> [COLLECTED DATA]
● ● ●

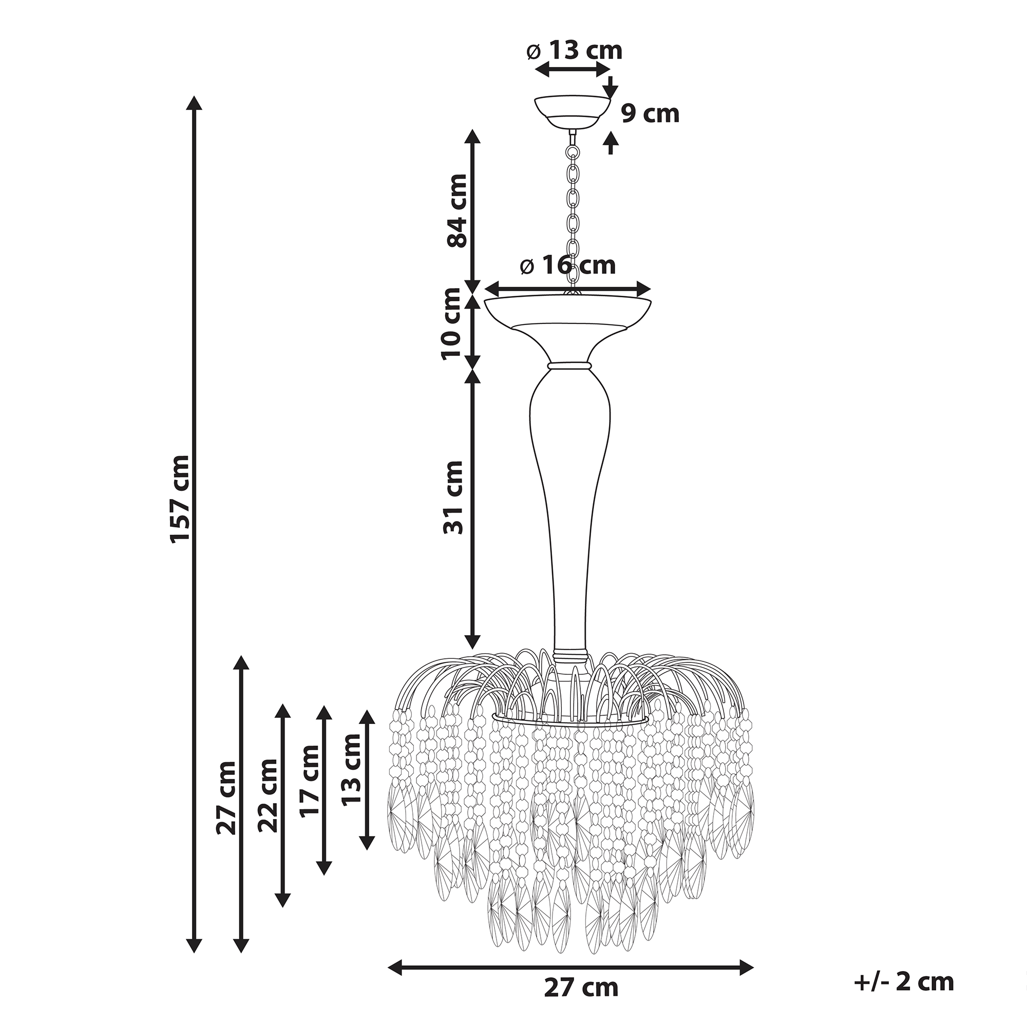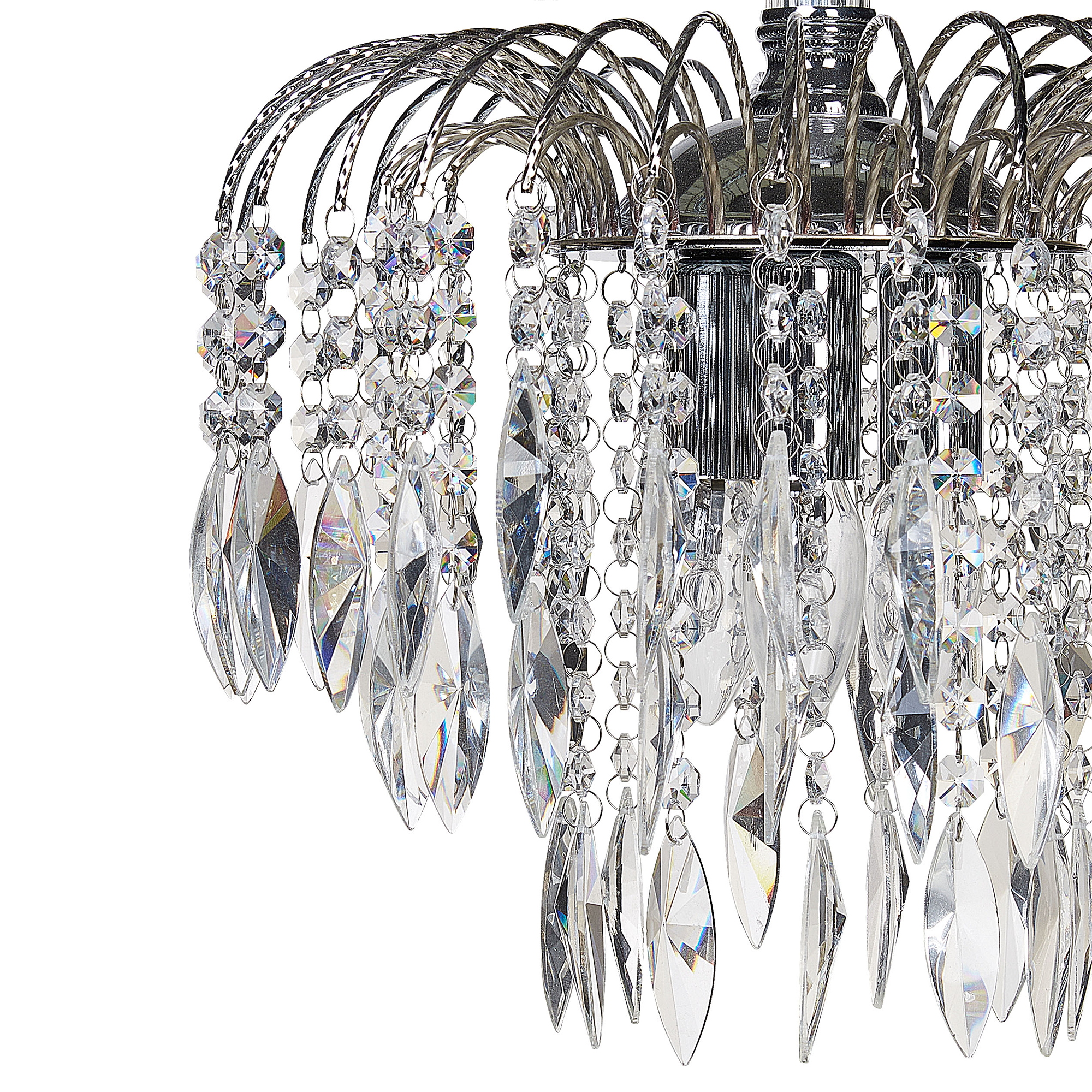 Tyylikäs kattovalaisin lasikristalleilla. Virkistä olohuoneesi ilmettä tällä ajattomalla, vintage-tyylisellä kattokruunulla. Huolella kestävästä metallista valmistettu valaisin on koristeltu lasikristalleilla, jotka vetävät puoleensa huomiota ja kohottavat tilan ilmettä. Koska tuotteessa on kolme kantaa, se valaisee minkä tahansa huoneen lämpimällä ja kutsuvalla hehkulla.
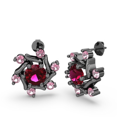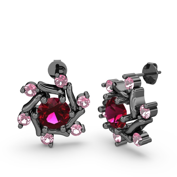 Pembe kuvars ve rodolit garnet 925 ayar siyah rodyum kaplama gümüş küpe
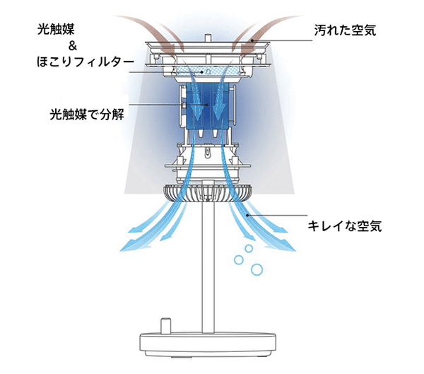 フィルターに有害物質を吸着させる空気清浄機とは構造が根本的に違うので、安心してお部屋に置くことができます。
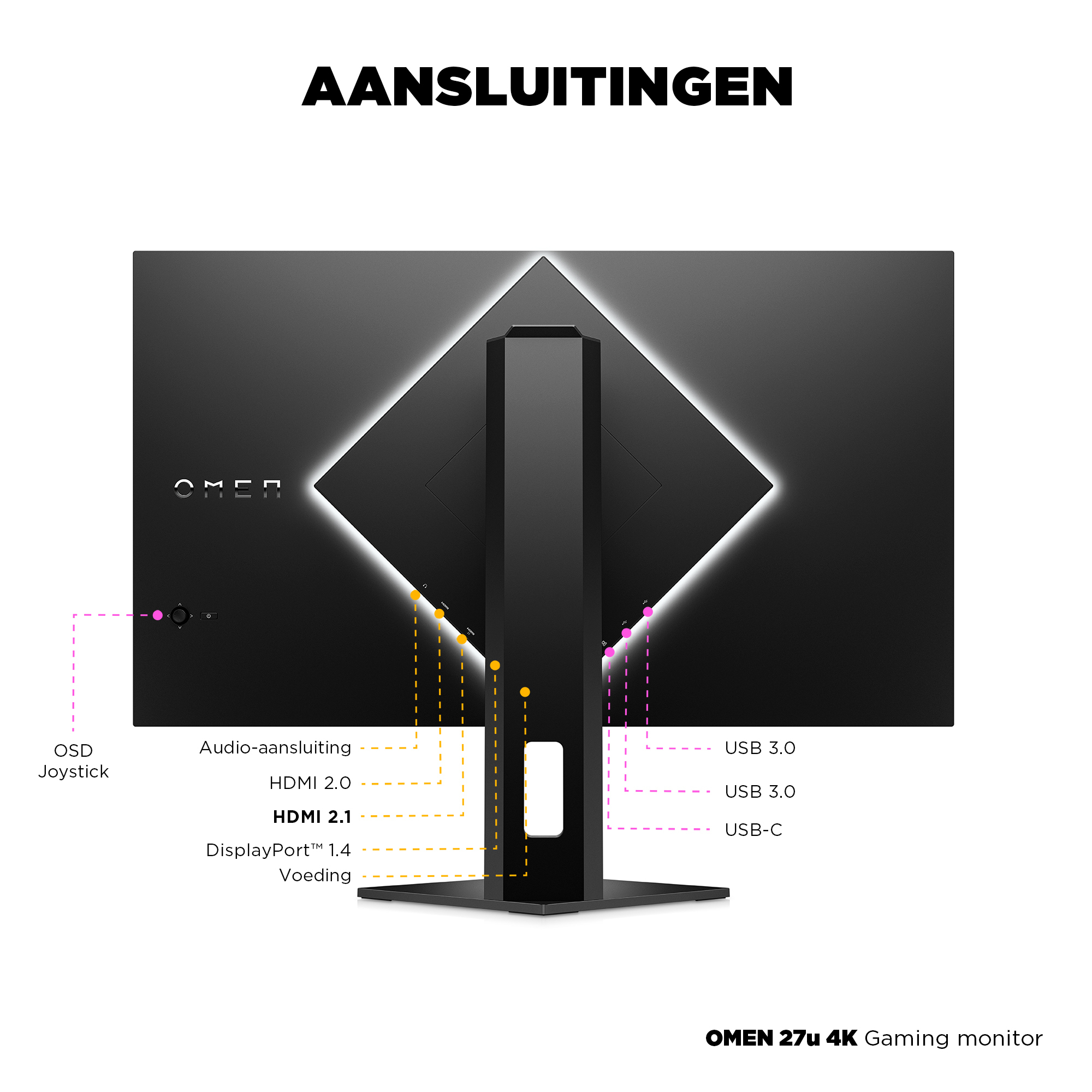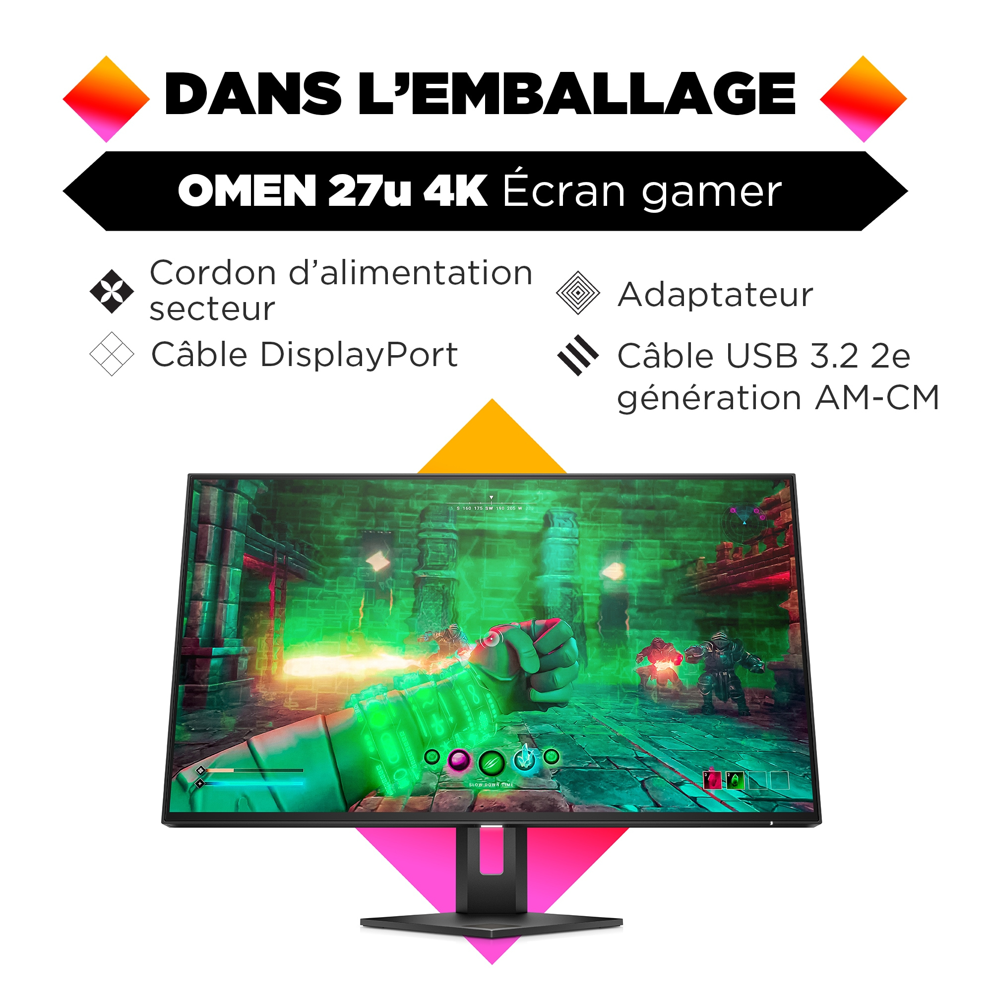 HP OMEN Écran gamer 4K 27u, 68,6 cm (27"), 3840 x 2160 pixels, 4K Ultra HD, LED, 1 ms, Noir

● ● ●

> [EXERCISE DIRECTIONS] Leaving the pictures out, copy exactly the lines from the line that contains "フィルターに有害物質を吸着さ" to the last line of the data, both ends included.

> [SOLUTION TO THE PROBLEM]
 フィルターに有害物質を吸着させる空気清浄機とは構造が根本的に違うので、安心してお部屋に置くことができます。
 HP OMEN Écran gamer 4K 27u, 68,6 cm (27"), 3840 x 2160 pixels, 4K Ultra HD, LED, 1 ms, Noir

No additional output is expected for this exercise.